Rubella, in and of itself, still was just a childhood disease. It did, however, present a crisis situation for pregnant women during their first trimester. Expectant mothers who contracted rubella during this fragile period all too often gave birth to children with severe defects, such as blindness, deafness, cardiovascular problems, and mental retardation. Between 1964 and 1965 in the United States, there were about 11,000 fetal deaths or induced terminations of pregnancy and 20,000 infants born with the defects, known as congenital rubella syndrome, according to a paper prepared by Drs. Alan R. Hinman, Bradley S. Hersh, and Ciro A. de Quadros.

"We began to look at an approach for managing these children," recalls Epstein, who was born with a hearing deficiency. "We put together groups of physicians, audiologists, psychologists, speech and language pathologists, social workers, and educators. Parents were devastated. Being hearing impaired, I felt I understood what parents go through, what the kids go through."

Dr. Merceline Dahl-Regis, Chief Medical Officer of the Bahamas, adds that the price tag for caring for children with congenital rubella syndrome is very costly. It was for that reason the English-speaking Caribbean set out to eliminate the disease.

"We decided to do a mass campaign, and we struggled to figure out who we should vaccinate, and how to do it," Dr. Dahl-Regis explains. "We went to the schools, the postpartum clinics, work sites." She said the public response was particularly encouraging, with corporate groups calling to make arrangements for workplace immunizations.
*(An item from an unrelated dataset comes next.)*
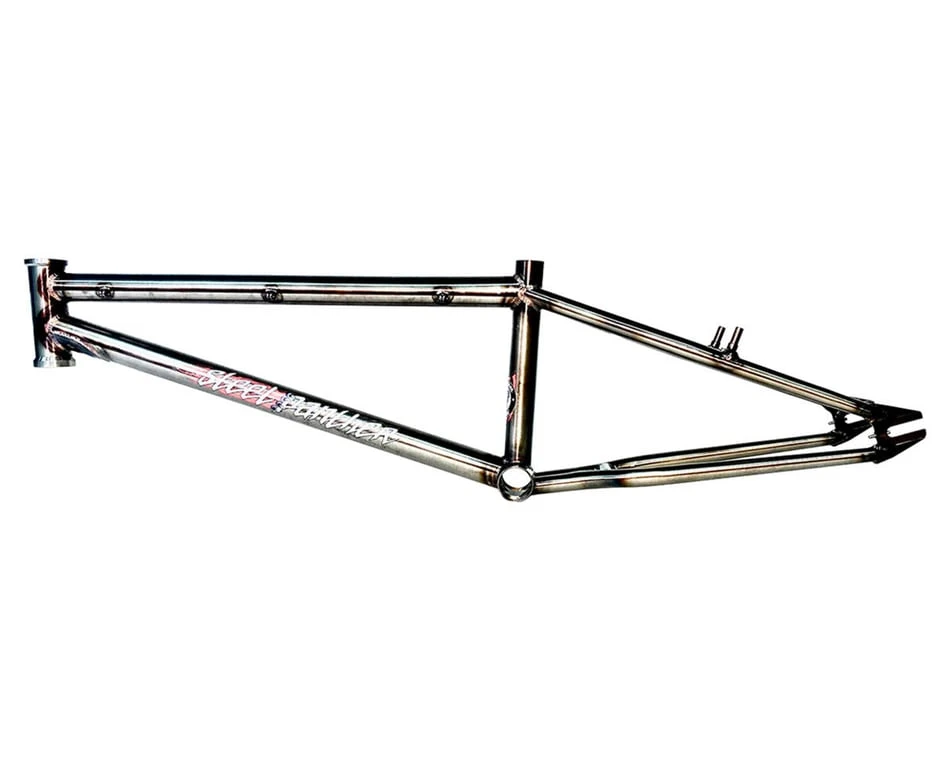 The S&M Steel Panther Race Frame is ready for prowling BMX tracks, easily preying on weaker Asian varieties, the American Steel Panther is King of the chromoly race frame jungle. And unlike it’s predecessors the .38 Special and Speedwagon, it’s not named after a cheesy rock band from the 80’s. Some notable improvements from the Speedwagon include: Additional bend in seat-stays for greater chain clearance, integrated chain tensioners in drops and slightly lower stand-over. Rear-end length depends on Top Tube length.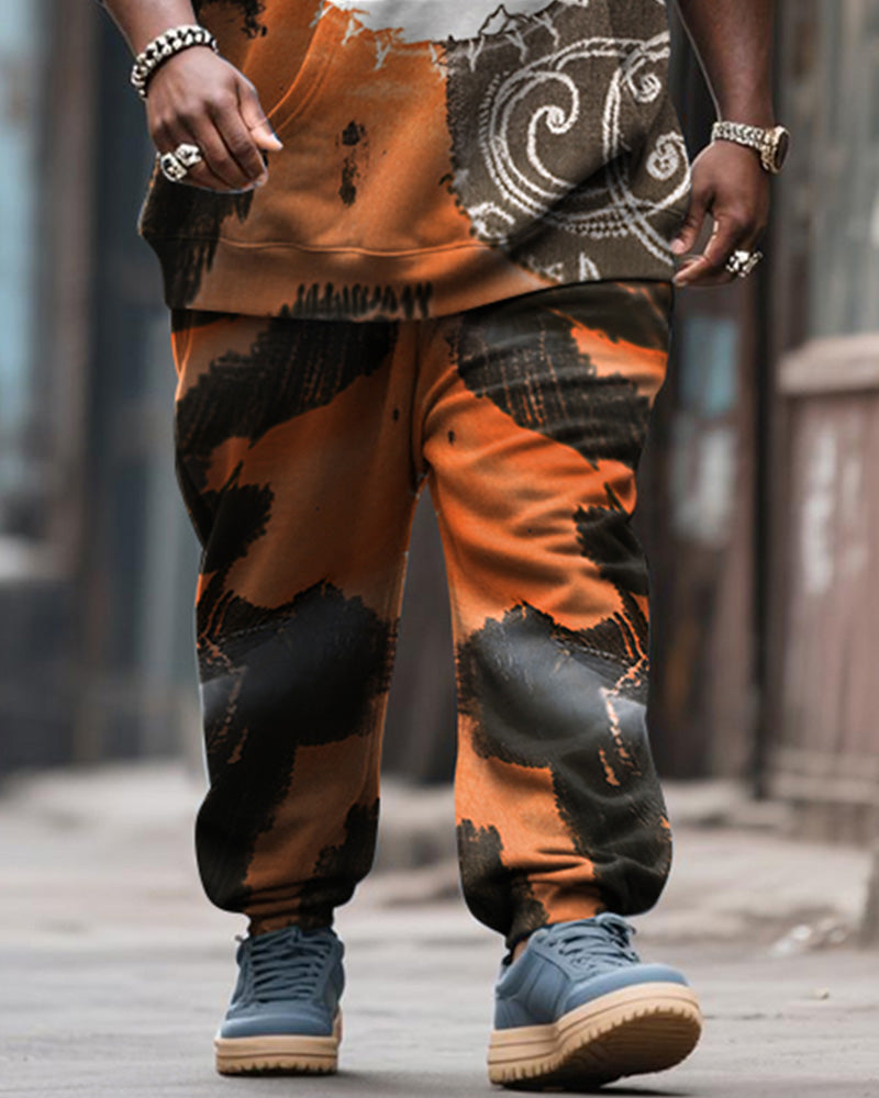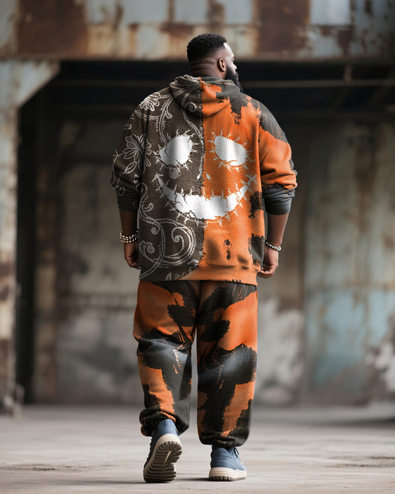 Big & Tall Men's Halloween Orange Pumpkin Facial Contrast Stitch Print Hoodie Suit

De Quadros, who led the PAHO effort to work with Dr. Dahl-Regis, explains that rubella caused 20,000 cases of children born with defects in Latin America. He adds that nations often have competing political and economic priorities and urges them to follow through on their commitment to rid the Hemisphere of measles.

According to U.S. statistics, every dollar spent on vaccines in the United States translates into a savings of about $7 in health care costs and lost work time. The global smallpox eradication program cost US$ 298 million, but the savings over time are put at US$ 1.5 billion.

Meanwhile, scientists continue working to develop new vaccines, easier ways to deliver them, and measures to keep the research affordable. Before the HiB vaccine, according to de Quadros, there were about 20,000 infections annually in the United States with up to 1,000 deaths. The HiB infection often led to meningitis, a serious infection of the fluid and lining that cover the brain and spinal cord.

The rotavirus vaccine will protect children from a severe form of diarrhea that infects 3.5 million in the United States alone and kills up to 1 million worldwide each year, according to the vaccine's manufacturer, Wyeth-Ayerst. Other researchers in the United States came up with a potato genetically engineered with a vaccine to prevent diarrheal disease.

Brazilian-born de Quadros is a model of enthusiasm and a staunch believer in vaccines. "The future of public health is in vaccines," he says. "That's the only instrument that is really preventive, easy to administer, and relatively cheap. Vaccines are the most cost effective tool known in medicine.

"We're going to reach a level where we will have vaccines for chronic diseases," he adds. "The 21st century will be the century of vaccines the way the 20th century was for antibiotics. I have no doubt about it."


Bryna Brennan is Chief of PAHO's Office of Public Information.